Eine PISA-Sonderauswertung zeigt, dass die von Bildungsministerin Gabriele Heinisch-Hosek umgesetzten Schulreformen wie die Neue Mittelschule und der Ausbau der Ganztagsschulen positive Effekte haben. Das Bildungsreformpaket wird noch mehr Chancengerechtigkeit bringen.

Grundlage für die Sonderauswertung sind die im Jahr 2012 erhobenen PISA-Daten. Die BildungsforscherInnen der Organisation für wirtschaftliche Zusammenarbeit und Entwicklung (OECD) haben bei ihrer aktuellen Auswertung besonders die Gruppe der so genannten Low Performer untersucht, also SchülerInnen mit Leistungsschwächen. Als Risikofaktoren für Leistungsschwächen nennt die Auswertung Bildungsvererbung, Sozialstatus, aber auch Kindergarten-Absenz – die sich in Kombination besonders stark auswirken. Die Detailauswertung zeigt auch, dass Österreich besser als der OECD-Durchschnitt liegt. Im Vergleich zur ersten PISA-Studie ist der Anteil an schwachen SchülerInnen zurückgegangen – sowohl beim Lesen als auch in den Naturwissenschaften.

Bestätigung für gemeinsame Schule und ganztägige Schulformen

Für Bildungsministerin Heinisch-Hosek bestätigen die Ergebnisse, „dass das zweite verpflichtende Kindergartenjahr, die Einführung der Neuen Mittelschule und ganztägige Schulformen positive Effekte erzielen“. Besonders wichtig in Sachen Chancengerechtigkeit sind die gemeinsame Schule und ganztägige Schulformen. „Risikofaktoren wie geringe Sprachkenntnisse oder Sozialstatus sind besser ausgleichbar. Mit der Durchmischung der SchülerInnen kann gezielt auf diese Faktoren eingegangen werden“, sagte die Ministerin.
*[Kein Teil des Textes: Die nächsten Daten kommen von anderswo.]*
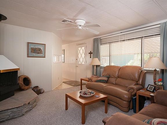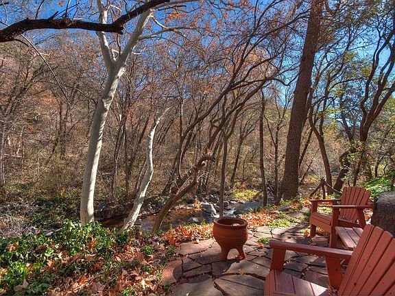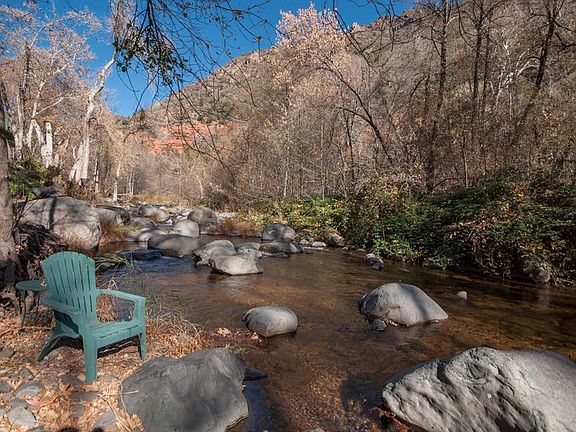 Come relax to the serenade of the tumbling waters of Oak Creek. This community borders the creek, which borders national forest service on the east boundary. This 55+ community park offers a private gated entrance, convenient mailbox area, and a variety of park benches to enjoy one of the most beautiful, natural settings in all of Oak Creek Canyon. Just across the street is the easy access down to 623 ft. of creek frontage. The towering sycamores and gigantic trees are home to a variety of birds including the Blue Herons that fish in the creek below. Most of the furniture MAY be included with the EXCEPTION of the bar in the carport, the TV, and personal items. There are gutters over the carport and three electric plugs for your convenience. Looking for a place to unwind, come call this your home!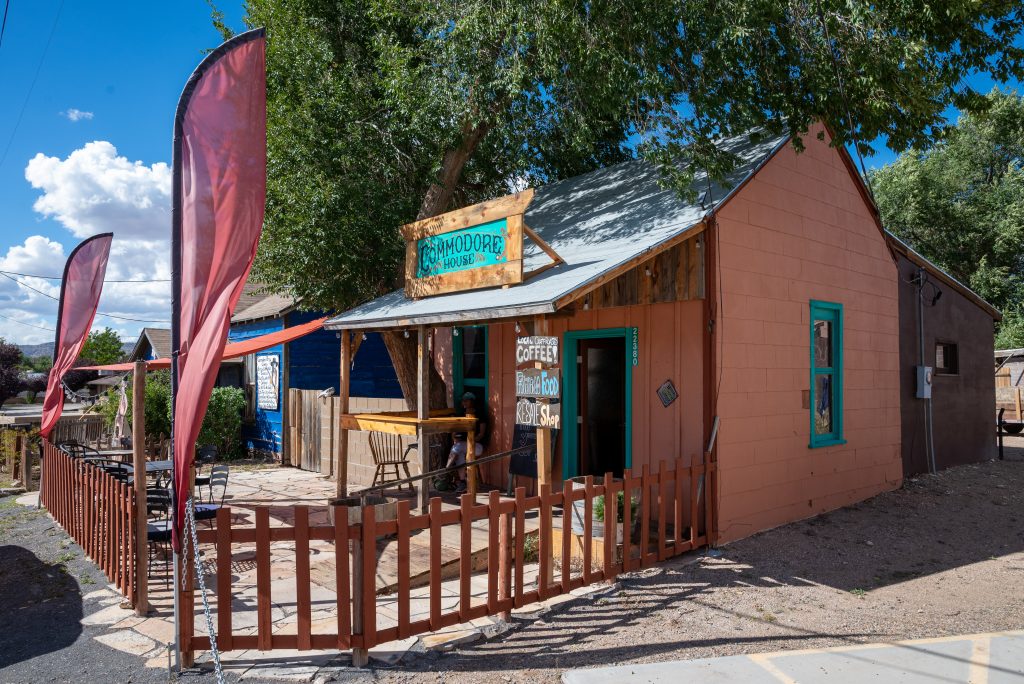 Seligman is known as the birthplace of Route 66 and, along the Route as it runs through this small place, the diners and memorabilia stores shout its status in kitsch signs and décor. There is not a lot else there and certainly nowhere to eat our Whole Foods picnic except, as we discovered, the shaded bench outside the Justice Court. Afterwards we found ourselves some more shade on the open veranda of the Commodore Coffee House. This is one of the more unusual coffee stops on our meanderings in the region – housed in a one room wooden shack, it seemed to be run in a delightfully haphazard way by local folk for local folk as well as passers-through like us. It was mercifully free of Route 66 paraphernalia and felt like a throwback to the hippie era, bar the up-to-date way with preparing the teas and coffees.

Reformen müssen mit vollem Schwung weitergehen

Für SPÖ-Bildungssprecherin Elisabeth Grossmann „tragen die von Bildungsministerin Heinisch-Hosek umgesetzten Schulreformen Früchte und führen zu mehr Chancengerechtigkeit“. Angesichts der nach wie vor bestehenden Bildungsvererbung sei aber auch klar, „dass die Schulreformen nicht gebremst werden dürfen, sondern mit vollem Schwung weitergehen müssen“. Eine zentrale Rolle dabei spielt das im November präsentierte umfassende Bildungsreformpaket, das ein Turbo für mehr Chancengerechtigkeit ist. Maßnahmen wie die zügige Umsetzung der gemeinsamen Schule in Modellregionen, die Stärkung des Kindergartens als Bildungseinrichtung, aber auch der Ausbau der Schulautonomie sind für Grossmann „unabdingbar, wenn wir wollen, dass die Bildungschancen unserer Kinder von ihren Begabungen und Talenten und nicht vom Geldbörsel ihrer Eltern abhängen“.